STORED DATA:
'''
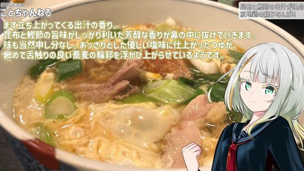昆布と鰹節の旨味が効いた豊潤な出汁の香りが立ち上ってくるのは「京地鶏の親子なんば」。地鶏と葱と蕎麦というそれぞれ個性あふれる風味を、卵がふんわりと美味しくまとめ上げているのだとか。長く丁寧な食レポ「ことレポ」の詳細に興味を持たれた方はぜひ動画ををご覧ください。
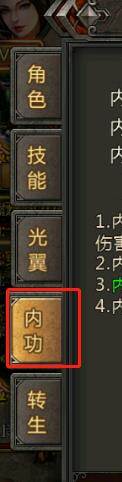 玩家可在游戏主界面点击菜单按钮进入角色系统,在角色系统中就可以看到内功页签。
'''
'''
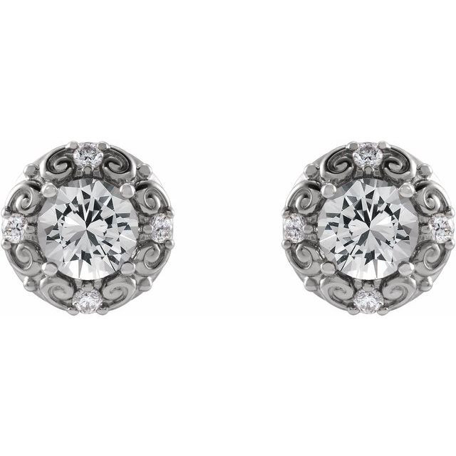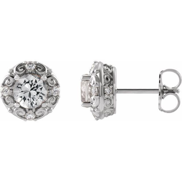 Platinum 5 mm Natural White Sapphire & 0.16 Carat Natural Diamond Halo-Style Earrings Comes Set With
'''
PROBLEM STATEMENT: Beginning at the line that has "昆布と鰹節の旨味が効いた豊潤" and ending at the line that has "玩家可在游戏主界面点击菜单按钮进入角色系统,在角色系统中就可以看到内功页签。", restate the listing above word for word, pictures left out.

ANSWER TO THIS EXERCISE:
昆布と鰹節の旨味が効いた豊潤な出汁の香りが立ち上ってくるのは「京地鶏の親子なんば」。地鶏と葱と蕎麦というそれぞれ個性あふれる風味を、卵がふんわりと美味しくまとめ上げているのだとか。長く丁寧な食レポ「ことレポ」の詳細に興味を持たれた方はぜひ動画ををご覧ください。
 玩家可在游戏主界面点击菜单按钮进入角色系统,在角色系统中就可以看到内功页签。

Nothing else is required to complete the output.